ASSIGNMENT: Take the records below and extract, word for word, the lines from the one containing "Хотя представленная здесь" through the final line, inclusive. Omit pictures.

SUPPLIED MATERIAL:
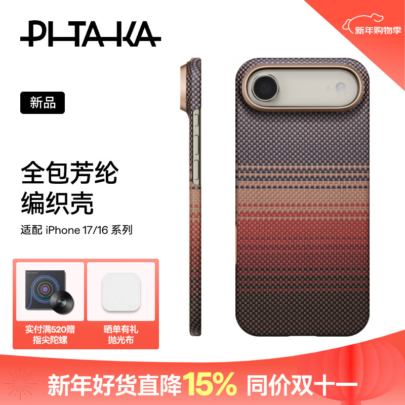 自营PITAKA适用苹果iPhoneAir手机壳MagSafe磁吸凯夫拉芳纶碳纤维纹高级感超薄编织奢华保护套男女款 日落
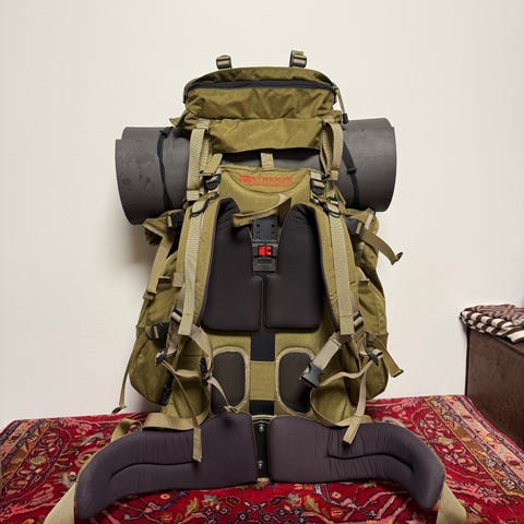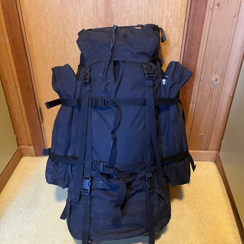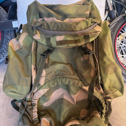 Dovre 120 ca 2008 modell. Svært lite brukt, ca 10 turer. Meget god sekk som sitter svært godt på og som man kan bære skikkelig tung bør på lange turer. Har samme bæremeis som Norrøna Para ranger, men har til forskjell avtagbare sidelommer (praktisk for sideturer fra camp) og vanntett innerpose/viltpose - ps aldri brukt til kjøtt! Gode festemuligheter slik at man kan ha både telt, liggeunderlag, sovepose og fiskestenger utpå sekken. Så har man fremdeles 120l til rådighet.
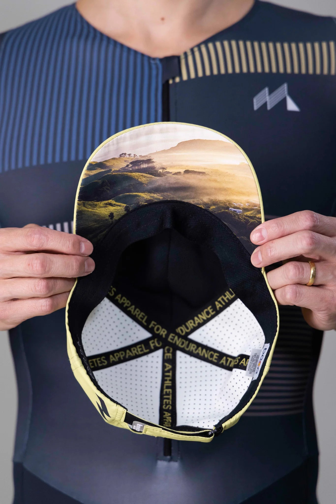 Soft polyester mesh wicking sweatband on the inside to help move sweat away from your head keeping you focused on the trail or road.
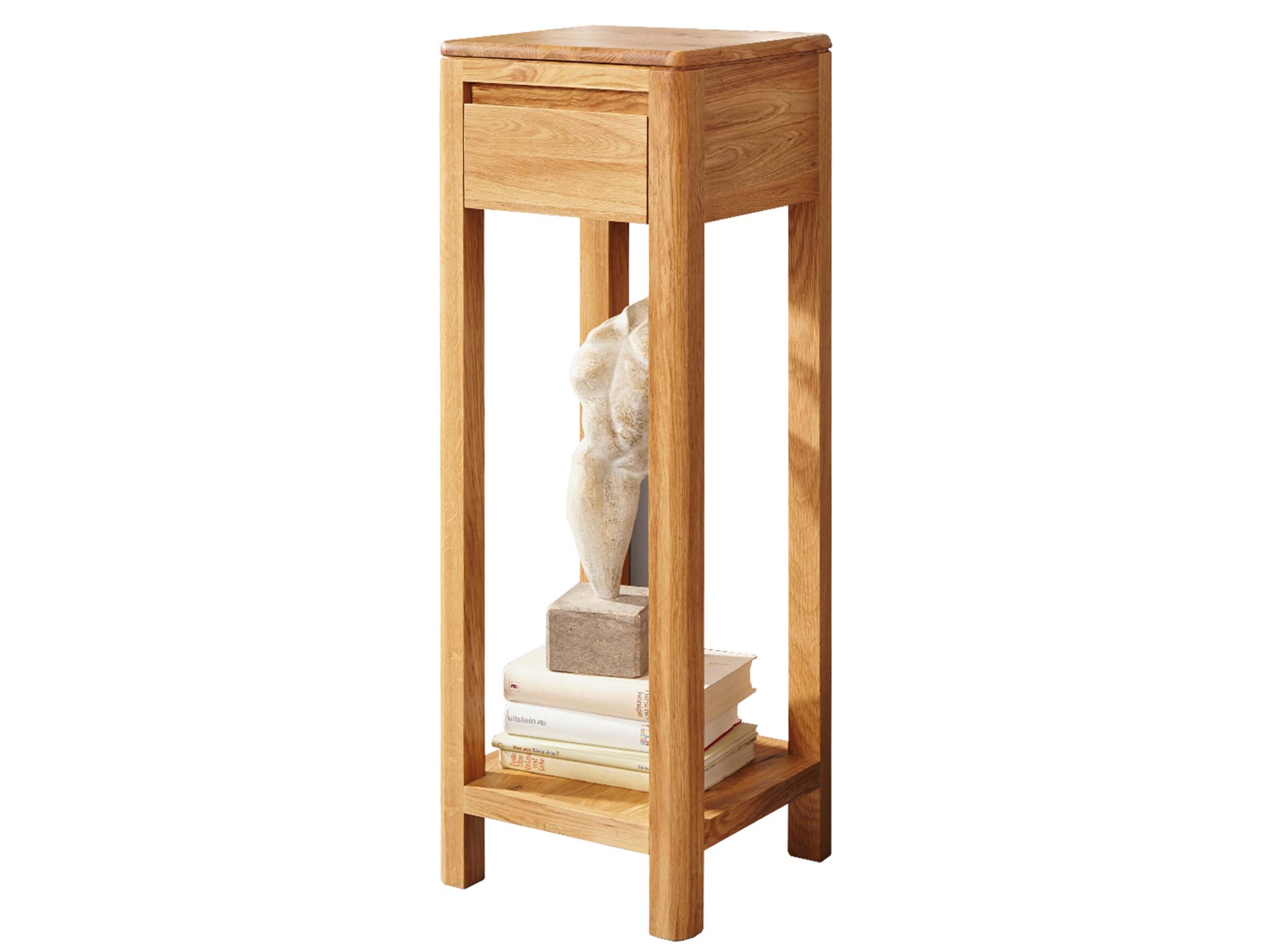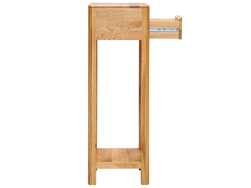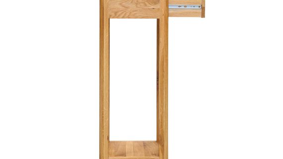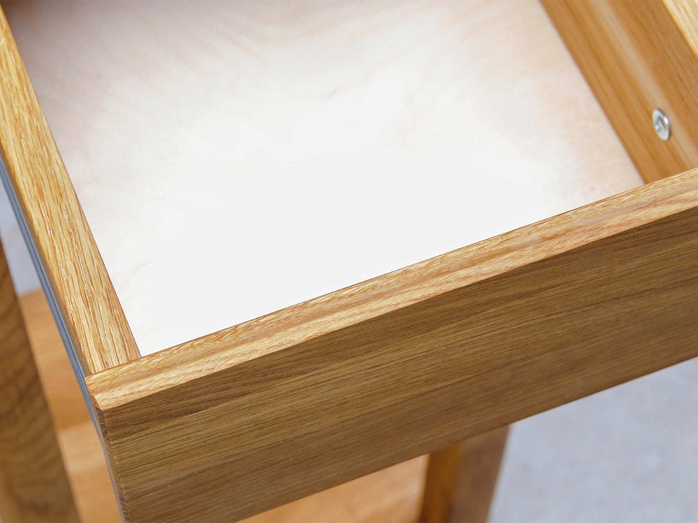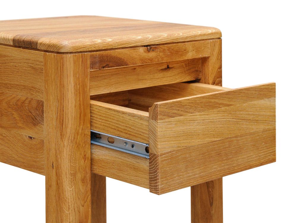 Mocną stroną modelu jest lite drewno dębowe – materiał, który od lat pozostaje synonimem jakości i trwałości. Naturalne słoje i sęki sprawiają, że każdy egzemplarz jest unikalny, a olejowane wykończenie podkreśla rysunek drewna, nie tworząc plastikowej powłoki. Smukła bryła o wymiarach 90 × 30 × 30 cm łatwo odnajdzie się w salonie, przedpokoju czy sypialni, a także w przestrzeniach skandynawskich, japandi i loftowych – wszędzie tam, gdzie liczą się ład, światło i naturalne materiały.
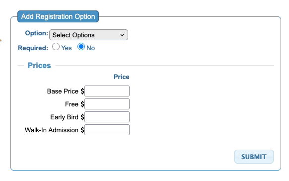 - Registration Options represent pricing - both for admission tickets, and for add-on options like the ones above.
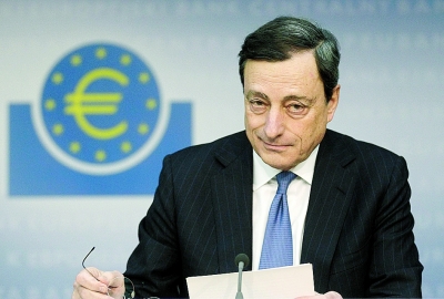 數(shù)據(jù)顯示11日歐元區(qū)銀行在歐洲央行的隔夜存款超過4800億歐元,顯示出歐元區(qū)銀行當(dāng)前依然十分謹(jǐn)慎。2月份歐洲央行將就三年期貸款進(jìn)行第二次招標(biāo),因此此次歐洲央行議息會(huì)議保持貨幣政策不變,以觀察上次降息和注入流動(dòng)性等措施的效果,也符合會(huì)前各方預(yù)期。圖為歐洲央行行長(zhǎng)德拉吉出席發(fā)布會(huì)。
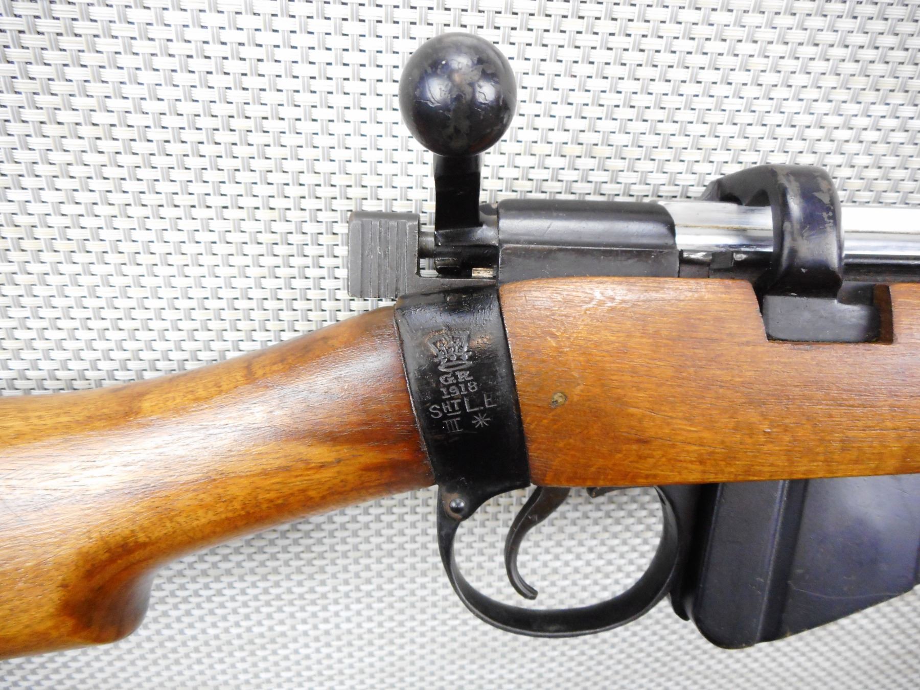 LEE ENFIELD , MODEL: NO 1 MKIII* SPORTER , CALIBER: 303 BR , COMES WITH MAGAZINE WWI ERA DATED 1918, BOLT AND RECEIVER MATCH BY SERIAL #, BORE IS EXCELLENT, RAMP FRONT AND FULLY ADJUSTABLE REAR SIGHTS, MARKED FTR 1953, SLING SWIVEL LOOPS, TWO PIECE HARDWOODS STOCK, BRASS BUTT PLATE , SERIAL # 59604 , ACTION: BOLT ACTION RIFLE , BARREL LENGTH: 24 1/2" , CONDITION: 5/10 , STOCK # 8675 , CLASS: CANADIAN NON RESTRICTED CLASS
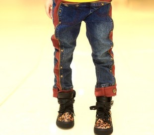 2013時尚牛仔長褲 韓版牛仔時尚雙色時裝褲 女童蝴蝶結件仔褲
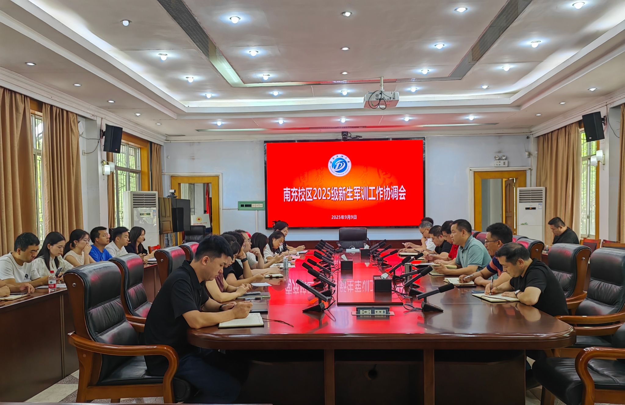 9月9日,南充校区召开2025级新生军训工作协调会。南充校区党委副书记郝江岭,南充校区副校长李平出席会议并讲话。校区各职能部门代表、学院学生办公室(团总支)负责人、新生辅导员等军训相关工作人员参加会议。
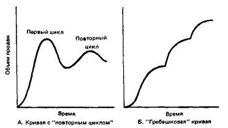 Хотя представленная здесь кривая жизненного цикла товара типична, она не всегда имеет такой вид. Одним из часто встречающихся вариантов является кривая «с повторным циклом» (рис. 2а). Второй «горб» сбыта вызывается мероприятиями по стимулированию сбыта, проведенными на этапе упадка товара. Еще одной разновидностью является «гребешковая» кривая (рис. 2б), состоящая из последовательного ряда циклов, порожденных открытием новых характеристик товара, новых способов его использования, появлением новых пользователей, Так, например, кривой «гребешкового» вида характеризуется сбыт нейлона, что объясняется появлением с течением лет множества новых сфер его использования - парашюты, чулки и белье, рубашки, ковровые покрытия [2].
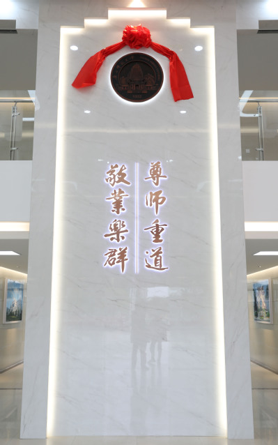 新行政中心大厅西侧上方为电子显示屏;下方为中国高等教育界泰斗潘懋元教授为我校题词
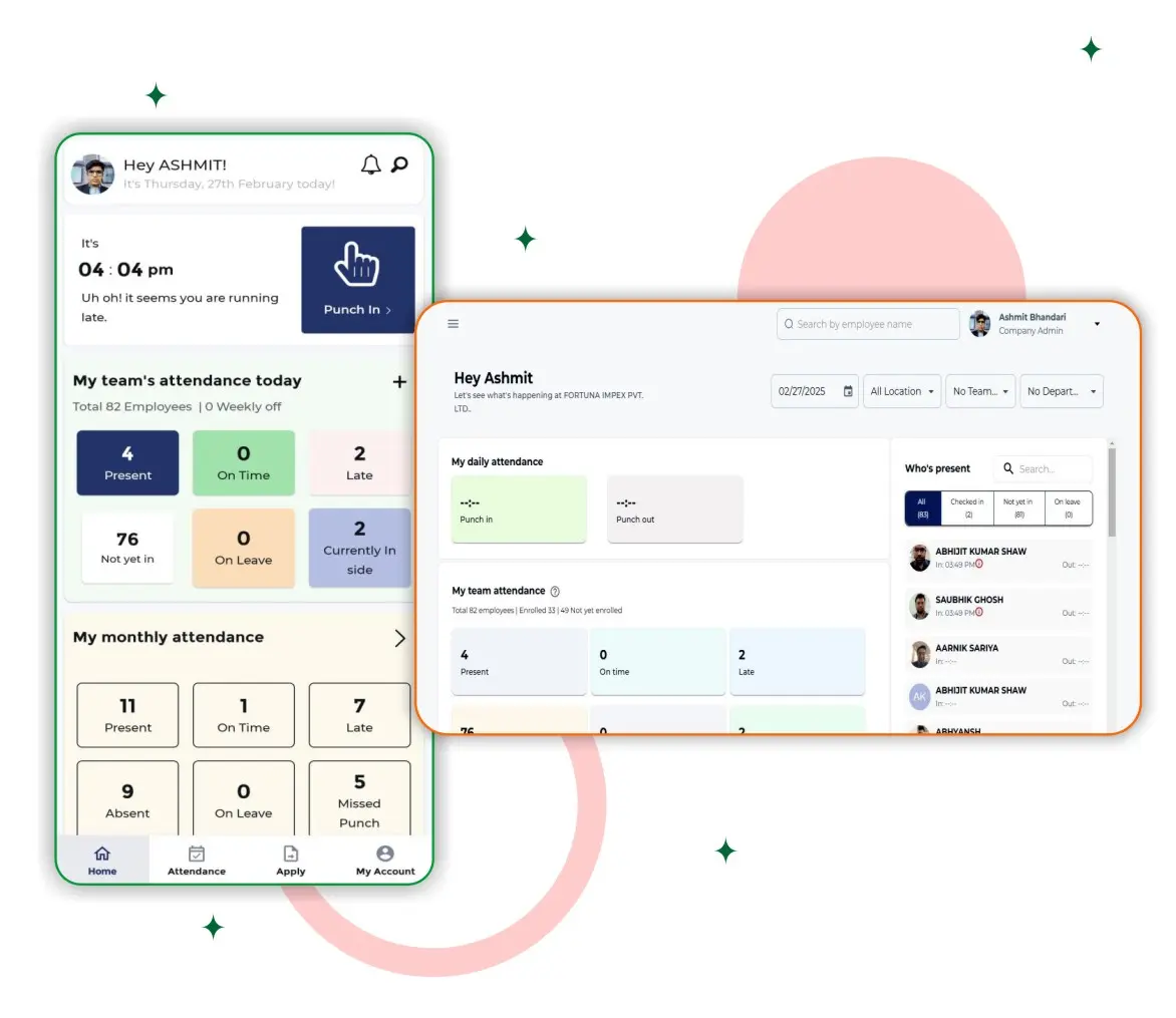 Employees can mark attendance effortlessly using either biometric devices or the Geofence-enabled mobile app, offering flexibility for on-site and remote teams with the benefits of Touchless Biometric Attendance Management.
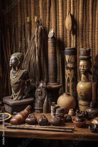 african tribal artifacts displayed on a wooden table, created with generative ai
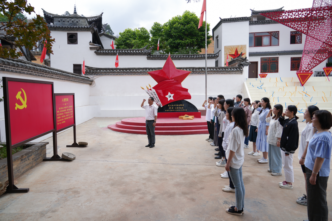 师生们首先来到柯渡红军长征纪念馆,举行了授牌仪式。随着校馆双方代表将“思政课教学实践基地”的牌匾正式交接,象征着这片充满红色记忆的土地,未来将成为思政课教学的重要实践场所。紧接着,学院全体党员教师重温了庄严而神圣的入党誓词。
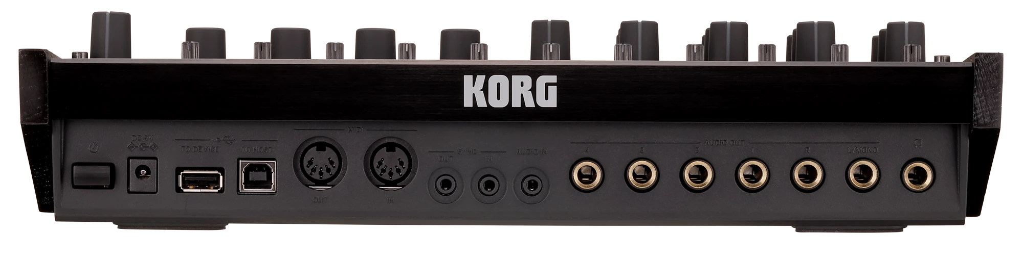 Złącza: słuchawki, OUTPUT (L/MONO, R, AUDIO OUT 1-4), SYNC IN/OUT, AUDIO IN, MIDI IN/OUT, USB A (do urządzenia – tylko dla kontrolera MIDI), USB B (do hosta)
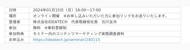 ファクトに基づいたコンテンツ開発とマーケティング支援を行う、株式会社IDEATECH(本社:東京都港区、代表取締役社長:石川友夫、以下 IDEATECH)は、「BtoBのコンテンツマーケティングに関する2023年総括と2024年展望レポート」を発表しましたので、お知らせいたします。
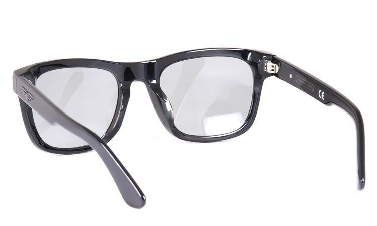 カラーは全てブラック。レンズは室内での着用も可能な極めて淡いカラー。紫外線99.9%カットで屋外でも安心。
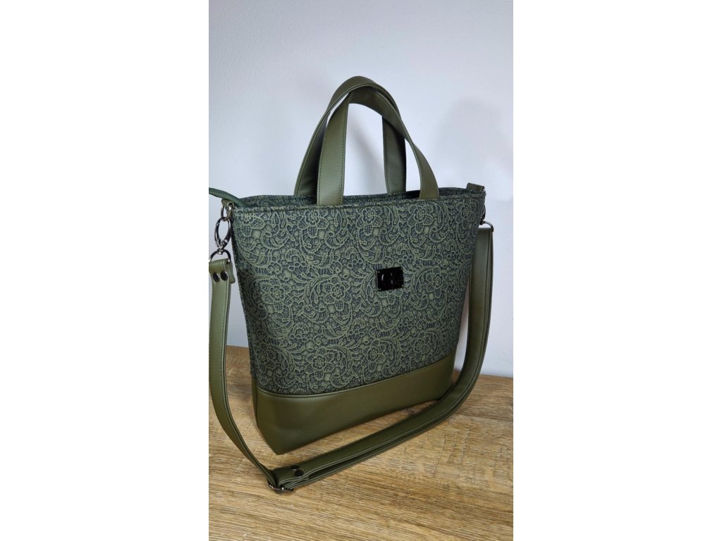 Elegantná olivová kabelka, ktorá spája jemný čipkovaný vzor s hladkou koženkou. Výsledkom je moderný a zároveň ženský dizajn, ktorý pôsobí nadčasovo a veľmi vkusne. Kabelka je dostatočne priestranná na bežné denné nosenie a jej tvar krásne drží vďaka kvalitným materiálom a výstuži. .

TASK ANSWER:
 Хотя представленная здесь кривая жизненного цикла товара типична, она не всегда имеет такой вид. Одним из часто встречающихся вариантов является кривая «с повторным циклом» (рис. 2а). Второй «горб» сбыта вызывается мероприятиями по стимулированию сбыта, проведенными на этапе упадка товара. Еще одной разновидностью является «гребешковая» кривая (рис. 2б), состоящая из последовательного ряда циклов, порожденных открытием новых характеристик товара, новых способов его использования, появлением новых пользователей, Так, например, кривой «гребешкового» вида характеризуется сбыт нейлона, что объясняется появлением с течением лет множества новых сфер его использования - парашюты, чулки и белье, рубашки, ковровые покрытия [2].
 新行政中心大厅西侧上方为电子显示屏;下方为中国高等教育界泰斗潘懋元教授为我校题词
 Employees can mark attendance effortlessly using either biometric devices or the Geofence-enabled mobile app, offering flexibility for on-site and remote teams with the benefits of Touchless Biometric Attendance Management.
 african tribal artifacts displayed on a wooden table, created with generative ai
 师生们首先来到柯渡红军长征纪念馆,举行了授牌仪式。随着校馆双方代表将“思政课教学实践基地”的牌匾正式交接,象征着这片充满红色记忆的土地,未来将成为思政课教学的重要实践场所。紧接着,学院全体党员教师重温了庄严而神圣的入党誓词。
 Złącza: słuchawki, OUTPUT (L/MONO, R, AUDIO OUT 1-4), SYNC IN/OUT, AUDIO IN, MIDI IN/OUT, USB A (do urządzenia – tylko dla kontrolera MIDI), USB B (do hosta)
 ファクトに基づいたコンテンツ開発とマーケティング支援を行う、株式会社IDEATECH(本社:東京都港区、代表取締役社長:石川友夫、以下 IDEATECH)は、「BtoBのコンテンツマーケティングに関する2023年総括と2024年展望レポート」を発表しましたので、お知らせいたします。
 カラーは全てブラック。レンズは室内での着用も可能な極めて淡いカラー。紫外線99.9%カットで屋外でも安心。
 Elegantná olivová kabelka, ktorá spája jemný čipkovaný vzor s hladkou koženkou. Výsledkom je moderný a zároveň ženský dizajn, ktorý pôsobí nadčasovo a veľmi vkusne. Kabelka je dostatočne priestranná na bežné denné nosenie a jej tvar krásne drží vďaka kvalitným materiálom a výstuži. .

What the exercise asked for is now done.